Kant’s Categorical Imperative says that you should base your decisions on whether the underlying reasoning should reasonably applied as a universal law. For example, if you feel like lying to get money from someone else, would you want this to be a law that everybody should follow? Obviously not, so lying to get money from someone else is evil and you shouldn’t do it.
That may seem like a good way to morally reason, but if you examine it deeper, you will find why that it shifts your thinking away from your self and makes you a sacrifice to societal good. Not that lying is good – it is not – but the reasoning above which concluded that lying in this instance is bad is evil.
By thinking in “categorical imperatives”, you sacrifice your life for someone else. Instead of thinking from your own perspective, what you find good and bad, what you yourself find ethical, you shift your thinking to what is good or bad for society. This is evil – it diminishes your personal worth and value. It makes you a sacrifice for society. It makes you obliged to make decisions based on something other than yourself and something other than your own good.
Now – lying is not good for you. So doing something “for your own good” would not mean that you would automatically lie. On the contrary – lying is actually bad for you. And your decisions should be based on what is good or bad for you, because you are not here to live for someone else, you are here to live for yourself. Lying is bad for you because it reduces your CHARACTER and makes you weaker. Becoming a weaker character, with weak integrity, thinking in a short-sighted way, having to cheat people to get what you want, should not be something you should be striving for.

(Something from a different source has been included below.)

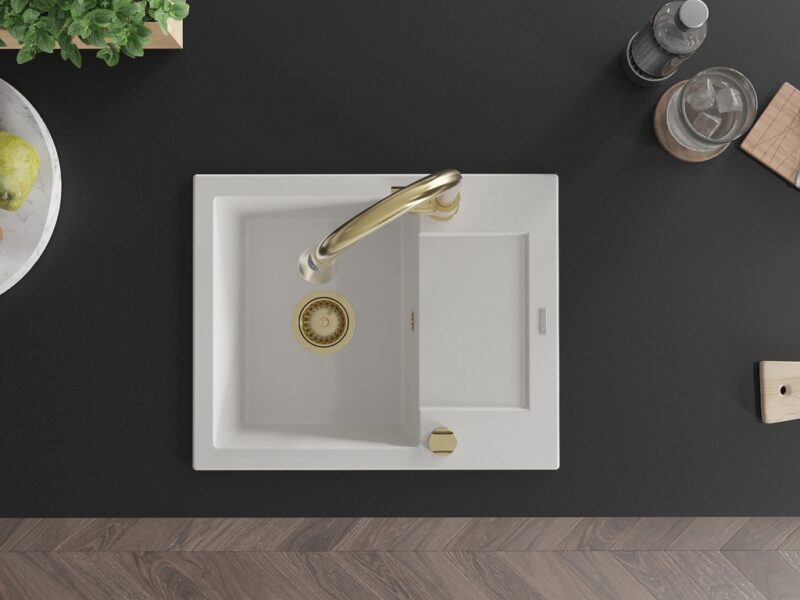 Technické dáta: drez: Rozmer: 576x465x174mm Hĺbka komory: 164 mm Rozmery komory: 395×320 mm Priemer odtoku: ø90 mm Typ: 1-miska s krátkym odkvapkávačom Typ: Zapustené do pracovnej dosky biela farba Povrchová úprava sifónu: zlatá Materiál: žula (80% žulové kamenivo, 20% živice) Prepadový otvor: Áno Otvory: (batérie, automatické) 2 Inštalácia: Univerzálna, je možné inštalovať s odkvapkávačom na ľavú alebo pravú stranu Vysoká odolnosť proti poškriabaniu a zmene farby Odolnosť proti tepelným šokom Ľahko čistiteľný povrch Dva dodatočné vyfrézované otvory na samodierovanie ø35 kuchynská batéria: Materiál: mosadz Farba: Zlatá Hlava: Keramická Prevzdušňovač: Áno Typ: Jedna páka Výška batérie: 380 mm Rozsah výtoku: 252 mm Typ výtoku: Výsuvný(GT) Ean: 5905315028754
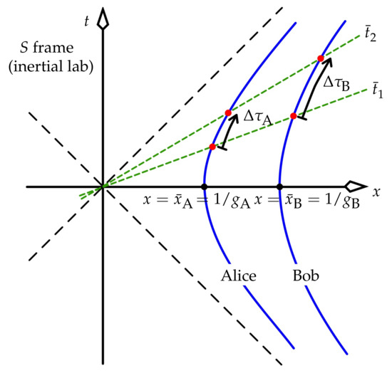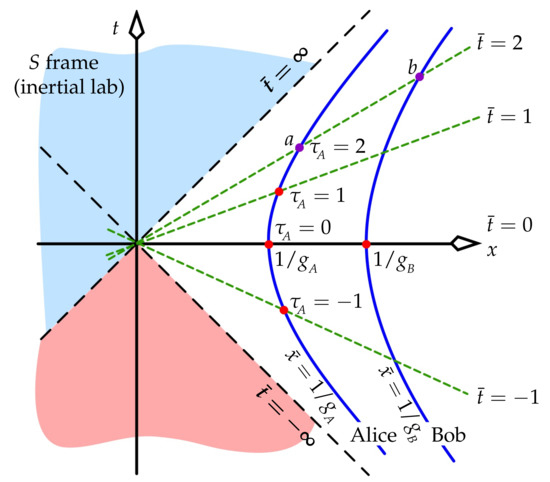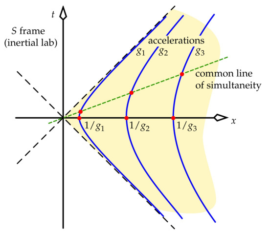The time on the master clock—arbitrarily chosen as that of Alice—dictates what the other clocks display. When (which happens at from (8), whose becomes ), all of the UAF’s observers are “crossing the x-axis” in spacetime (i.e., coming momentarily to rest in the lab), and all agree on this. Hence, all of their clocks are set to display when . We set , the unchanging position of observer i in , to be that observer’s value of x at this time, which is . Thus, observers stationed far “above” Alice (large x or ) accelerate much less strongly than she does.

And this is precisely the alternative moral compass that you should follow. What type of character do you want to become, in order to feel happy about yourself? Do you want to be a character which lies, goes behind people’s backs, cheats and steals to get what he/she wants? Or do you want to be a character that is dependable, has integrity, is strong enough to stand for what he/she believes in, and does what he/she thinks is right and ethical in itself without having to follow some outside moral code or axiom, making your own decisions and shaping your personality based on what you believe in?
What type of character do you want to become in order to be happy – for your own sake, because you value your own self? Act in that way, and let that be your moral compass instead of an axiom – a shortcut – which someone else has placed on you.